Data for review →
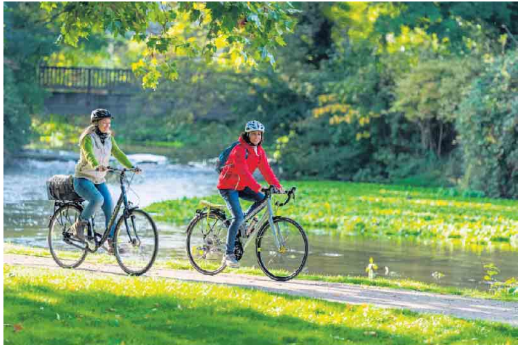
Natur pur erleben: Der neue Raderlebnistag spricht Rad-Fans aller Altersgruppen an.
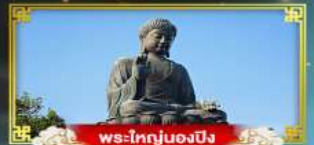
พระใหญ่ของปิง
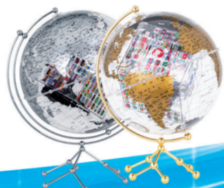
35CM中英文金(银)色 政区圆方透明地球仪

通过自然与生物、考古与历史、科技与生活、人文与地理、艺术与文明五大专题绘本,展示了多座规模宏大、珍品云集的世界知名博物馆,也有特色突出、颇具代表性且藏品精美的小型博物馆。
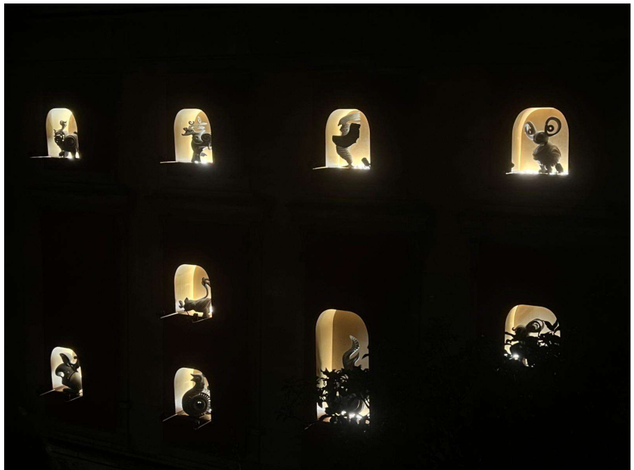
Gardiens du Temps

Grâce à un dispositif visuel et sonore à l'impact exceptionnel, utilisant toutes les ressources de la technologie, le musée Guimet devient un lieu de ralliement autour de l'art. C'est à une communion par l'art et autour de l'art que nous appelent les douze créatures fabuleuses en nous invitant à pénétrer à l'intérieur du musée.
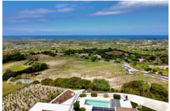
Aussicht / Meerblick
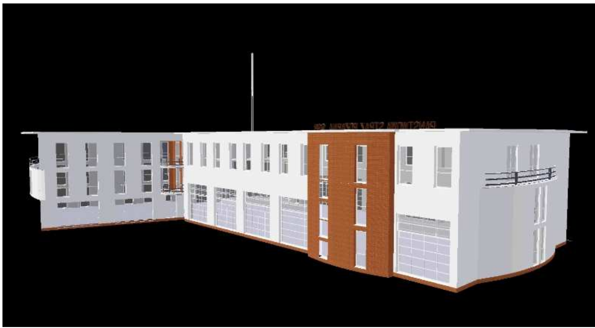
Fot.11 Widok tył budynku strażnicy część pn. – wsch. (wizualizacja) – PSP Kazimierza Wielka.
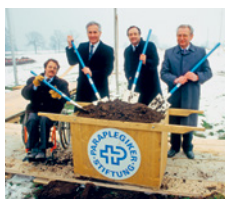
Lancement des travaux pour le Centre suisse des paraplégiques à Nottwil.
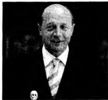
Președintele Traian Băsescu

Președintele Traian Băsescu a precizat, după ședința CSAT, că România nu se va
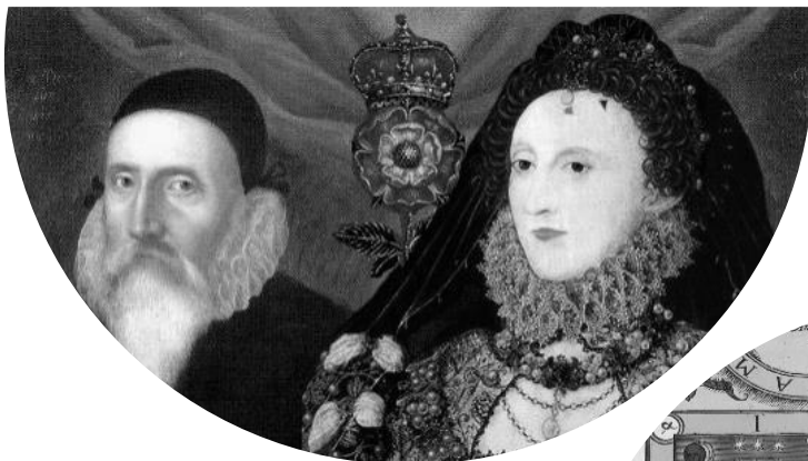
John Dee & Elizabeth I
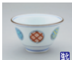
㉗ KY6-27 丸紋反干茶 [SMTT-I0] 納直 11-1027-2701 ¥1,300 サイズ:φ92×H56 160cc
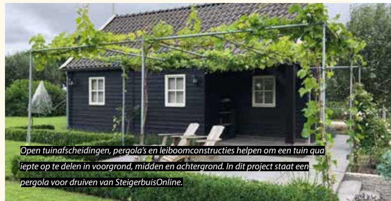
Open tuinafscheidingen, pergola's en leiboomconstructies helpen om een tuin qua diepte op te delen in voorgrond, midden en achtergrond. In dit project staat een pergola voor druiven van SteigerbuisOnline.

Poppelaars: 'Je kunt met een meerstammige heester al veel diepte creëren, zonder dat het teveel ruimte inneemt. Vergeet het groen niet! Bij de verdeling in voorgrond, middenzone en achtergrond moet je dus niet alleen zorgen voor afwisseling in materialen, maar ook tussen groen en (half)verharding.'
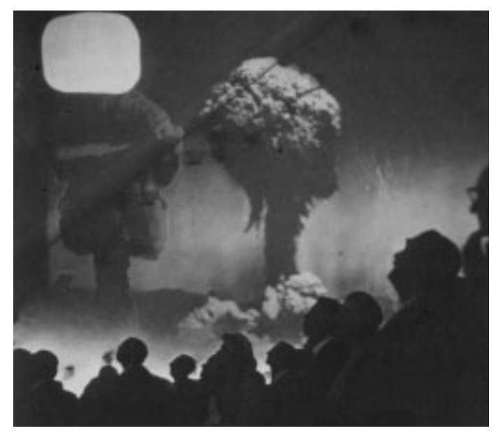
EXPO 1998 - Leute vor der Atombombenprojektion im Philipps-Pavillon
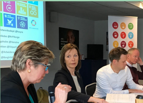
Under ForUMs årsmøte diskuterte politikere fra Høyre, Venstre, KrF og SV hvordan FNs bærekraftsmål kan nås.

Nullvisjon or marin forsøpling vedtatt av FN, anført av Norge med ForUM representert ved WWF i delegasjonen
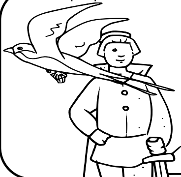
El príncipe feliz
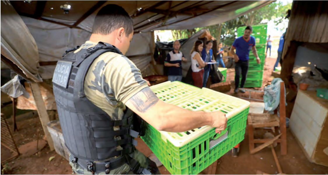
Responsável pelo imóvel onde estavam os animais, recusou diversas recusas de vistorias de órgão competente

Redação com assessoria redacao@diariosudoeste.com.br
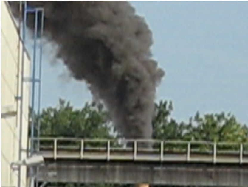
Abb. 5 Abgase am Schornstein eines Schredders nach einer Verpuffung

Von wesentlicher Bedeutung ist, dass nach einer Verpuffung die Anlage auf eventuelle Undichtigkeiten sorgfältig überprüft und der Schreddervorgang erst dann fortgesetzt wird, wenn sich die Anlage wieder in einem voll funktionsfähigen Zustand befindet. Wie das Beispiel einer eingehausten Anlage in Hessen zeigt, ist dies häufig nicht der Fall. Die Folge sind erhebliche diffuse Emissionen im Regelbetrieb.
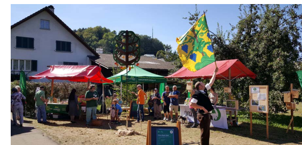
JPA-Auftritt am Dorffest Zeiningen

Das Jurapark-Fest war mit dem Jurapark-Markt dieses Jahr Teil des dreitägigen Dorffestes in Zeiningen. Das vom lokalen OK in Zusammenarbeit mit unzähligen Freiwilligen auf die Beine gestellte Fest lockte rund 18'000 Besucher in das ehemalige Bauerndorf nahe Möhlin. 52 Marktstände mit Handwerks- und Esswaren, verteilt über das Festgelände, bereicherten das Fest.

The problem →
Set the pictures aside and retype exactly the lines above from the line with "35CM中英文金(银)色 政区圆方透明地球仪" to the line with "El príncipe feliz", both included, adding no others.

Task answer →
35CM中英文金(银)色 政区圆方透明地球仪

通过自然与生物、考古与历史、科技与生活、人文与地理、艺术与文明五大专题绘本,展示了多座规模宏大、珍品云集的世界知名博物馆,也有特色突出、颇具代表性且藏品精美的小型博物馆。
Gardiens du Temps

Grâce à un dispositif visuel et sonore à l'impact exceptionnel, utilisant toutes les ressources de la technologie, le musée Guimet devient un lieu de ralliement autour de l'art. C'est à une communion par l'art et autour de l'art que nous appelent les douze créatures fabuleuses en nous invitant à pénétrer à l'intérieur du musée.
Aussicht / Meerblick
Fot.11 Widok tył budynku strażnicy część pn. – wsch. (wizualizacja) – PSP Kazimierza Wielka.
Lancement des travaux pour le Centre suisse des paraplégiques à Nottwil.
Președintele Traian Băsescu

Președintele Traian Băsescu a precizat, după ședința CSAT, că România nu se va
John Dee & Elizabeth I
㉗ KY6-27 丸紋反干茶 [SMTT-I0] 納直 11-1027-2701 ¥1,300 サイズ:φ92×H56 160cc
Open tuinafscheidingen, pergola's en leiboomconstructies helpen om een tuin qua diepte op te delen in voorgrond, midden en achtergrond. In dit project staat een pergola voor druiven van SteigerbuisOnline.

Poppelaars: 'Je kunt met een meerstammige heester al veel diepte creëren, zonder dat het teveel ruimte inneemt. Vergeet het groen niet! Bij de verdeling in voorgrond, middenzone en achtergrond moet je dus niet alleen zorgen voor afwisseling in materialen, maar ook tussen groen en (half)verharding.'
EXPO 1998 - Leute vor der Atombombenprojektion im Philipps-Pavillon
Under ForUMs årsmøte diskuterte politikere fra Høyre, Venstre, KrF og SV hvordan FNs bærekraftsmål kan nås.

Nullvisjon or marin forsøpling vedtatt av FN, anført av Norge med ForUM representert ved WWF i delegasjonen
El príncipe feliz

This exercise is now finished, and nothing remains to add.